→ Required work:
Within the listing that follows, reproduce exactly the lines starting at the line with "A rollator is" and ending at the line with "Imagine which part", inclusive, and only those. Pictures are dropped.

→ Data extracts:
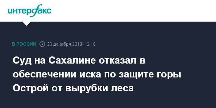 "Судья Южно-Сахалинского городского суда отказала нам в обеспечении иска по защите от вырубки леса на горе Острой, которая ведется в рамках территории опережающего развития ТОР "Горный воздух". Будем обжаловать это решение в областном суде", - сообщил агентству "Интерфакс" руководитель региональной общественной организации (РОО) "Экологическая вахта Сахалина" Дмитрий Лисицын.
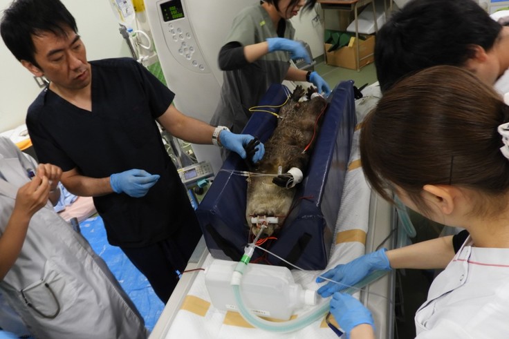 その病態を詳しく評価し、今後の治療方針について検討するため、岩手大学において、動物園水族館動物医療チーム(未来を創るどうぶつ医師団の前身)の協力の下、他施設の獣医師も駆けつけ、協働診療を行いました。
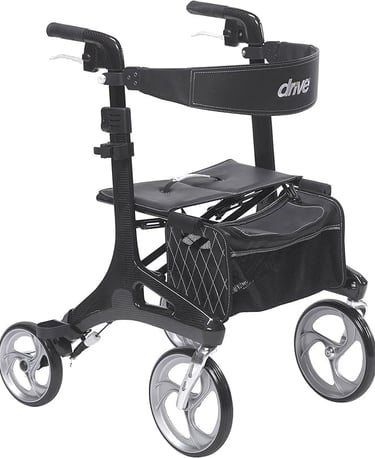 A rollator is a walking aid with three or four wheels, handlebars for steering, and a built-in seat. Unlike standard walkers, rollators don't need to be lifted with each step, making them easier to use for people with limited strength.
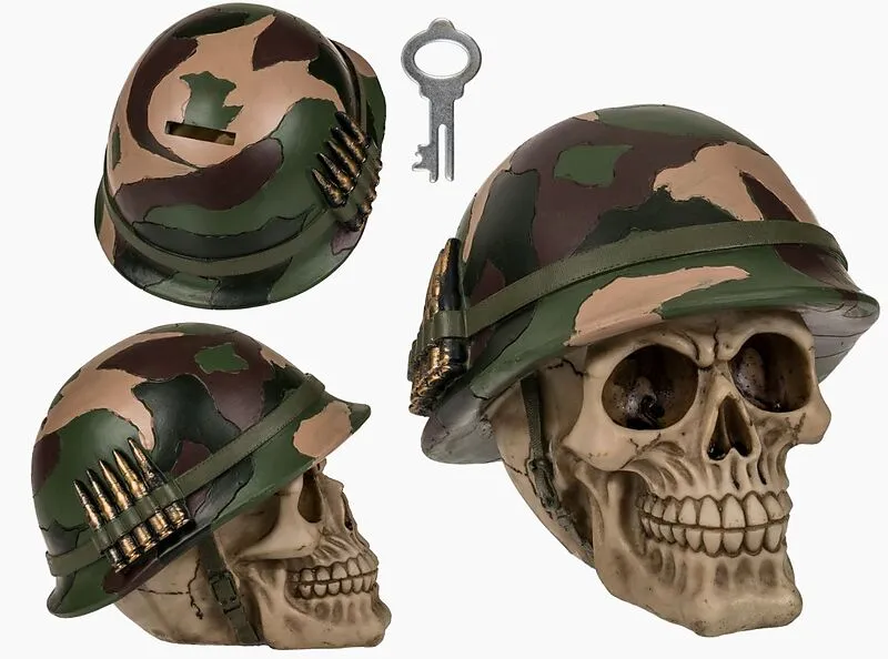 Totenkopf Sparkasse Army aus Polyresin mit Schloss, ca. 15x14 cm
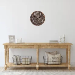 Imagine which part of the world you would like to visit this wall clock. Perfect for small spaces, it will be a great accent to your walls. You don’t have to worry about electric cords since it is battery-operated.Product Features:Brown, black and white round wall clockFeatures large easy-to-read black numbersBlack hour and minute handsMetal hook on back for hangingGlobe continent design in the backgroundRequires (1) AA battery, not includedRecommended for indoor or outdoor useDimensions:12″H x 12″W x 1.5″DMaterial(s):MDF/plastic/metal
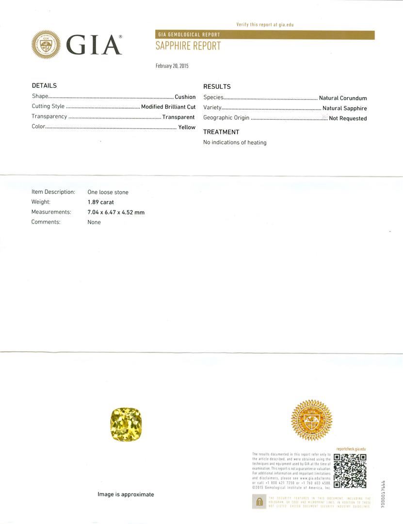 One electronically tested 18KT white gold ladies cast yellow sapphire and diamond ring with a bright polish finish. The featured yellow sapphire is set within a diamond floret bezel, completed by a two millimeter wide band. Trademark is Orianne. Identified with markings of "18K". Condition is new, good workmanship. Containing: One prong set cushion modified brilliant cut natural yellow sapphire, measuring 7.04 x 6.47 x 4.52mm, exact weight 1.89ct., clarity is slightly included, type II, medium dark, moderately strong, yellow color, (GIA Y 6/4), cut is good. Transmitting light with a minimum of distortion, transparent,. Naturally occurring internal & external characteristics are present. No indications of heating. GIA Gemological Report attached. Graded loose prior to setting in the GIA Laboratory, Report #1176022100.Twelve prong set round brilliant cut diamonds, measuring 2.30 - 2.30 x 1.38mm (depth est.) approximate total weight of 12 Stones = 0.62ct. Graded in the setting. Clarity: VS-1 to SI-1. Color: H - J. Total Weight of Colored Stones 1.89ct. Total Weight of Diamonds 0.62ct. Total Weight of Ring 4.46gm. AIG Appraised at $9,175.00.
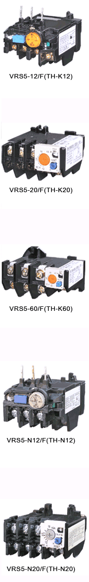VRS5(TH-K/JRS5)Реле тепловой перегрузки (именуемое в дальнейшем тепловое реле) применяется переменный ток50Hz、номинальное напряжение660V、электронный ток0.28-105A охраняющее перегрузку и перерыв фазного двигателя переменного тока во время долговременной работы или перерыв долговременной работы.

==

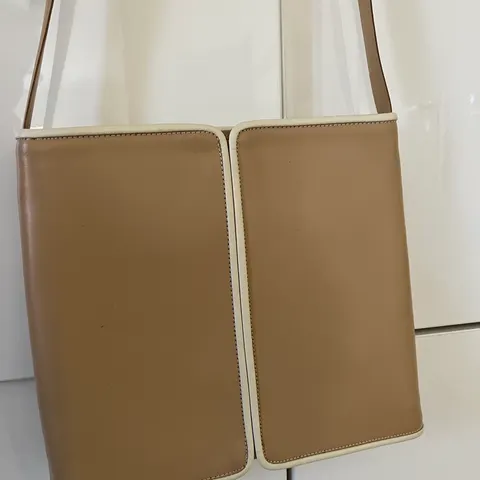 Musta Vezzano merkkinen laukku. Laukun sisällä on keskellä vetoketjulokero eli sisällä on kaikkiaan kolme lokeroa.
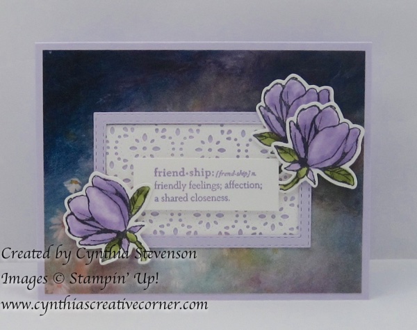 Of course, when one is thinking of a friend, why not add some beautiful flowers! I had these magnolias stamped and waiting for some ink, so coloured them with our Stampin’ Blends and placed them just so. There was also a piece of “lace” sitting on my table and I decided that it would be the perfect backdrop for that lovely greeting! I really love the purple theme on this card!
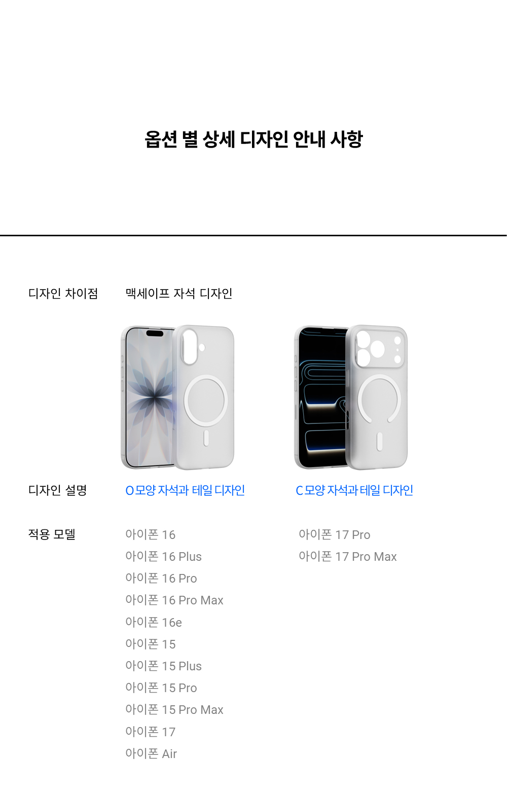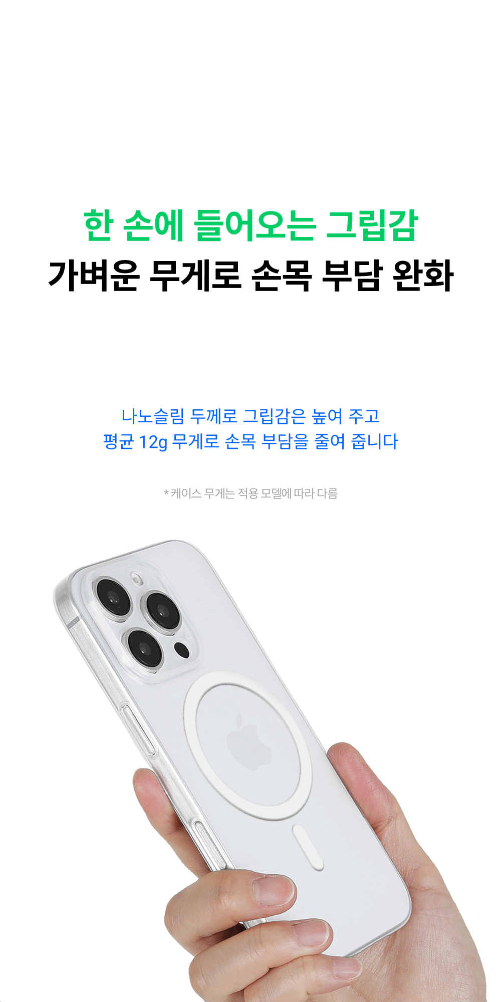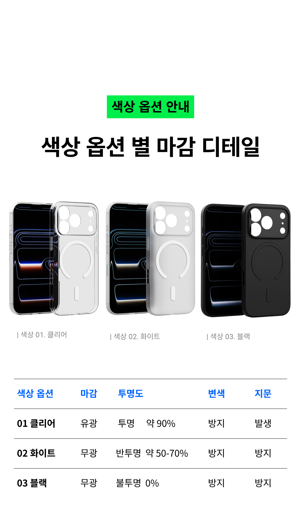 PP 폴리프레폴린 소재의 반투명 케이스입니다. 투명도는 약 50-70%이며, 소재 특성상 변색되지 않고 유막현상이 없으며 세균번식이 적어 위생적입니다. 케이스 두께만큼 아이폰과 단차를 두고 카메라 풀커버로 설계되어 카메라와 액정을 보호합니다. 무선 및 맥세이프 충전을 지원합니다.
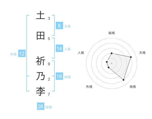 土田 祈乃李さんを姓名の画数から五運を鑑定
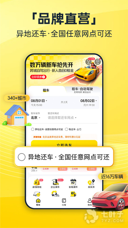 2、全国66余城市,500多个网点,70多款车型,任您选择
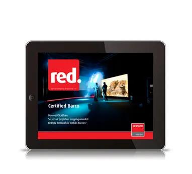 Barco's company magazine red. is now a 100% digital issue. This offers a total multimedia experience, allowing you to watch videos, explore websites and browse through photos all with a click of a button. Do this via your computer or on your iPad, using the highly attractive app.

→ Result:
 A rollator is a walking aid with three or four wheels, handlebars for steering, and a built-in seat. Unlike standard walkers, rollators don't need to be lifted with each step, making them easier to use for people with limited strength.
 Totenkopf Sparkasse Army aus Polyresin mit Schloss, ca. 15x14 cm
 Imagine which part of the world you would like to visit this wall clock. Perfect for small spaces, it will be a great accent to your walls. You don’t have to worry about electric cords since it is battery-operated.Product Features:Brown, black and white round wall clockFeatures large easy-to-read black numbersBlack hour and minute handsMetal hook on back for hangingGlobe continent design in the backgroundRequires (1) AA battery, not includedRecommended for indoor or outdoor useDimensions:12″H x 12″W x 1.5″DMaterial(s):MDF/plastic/metal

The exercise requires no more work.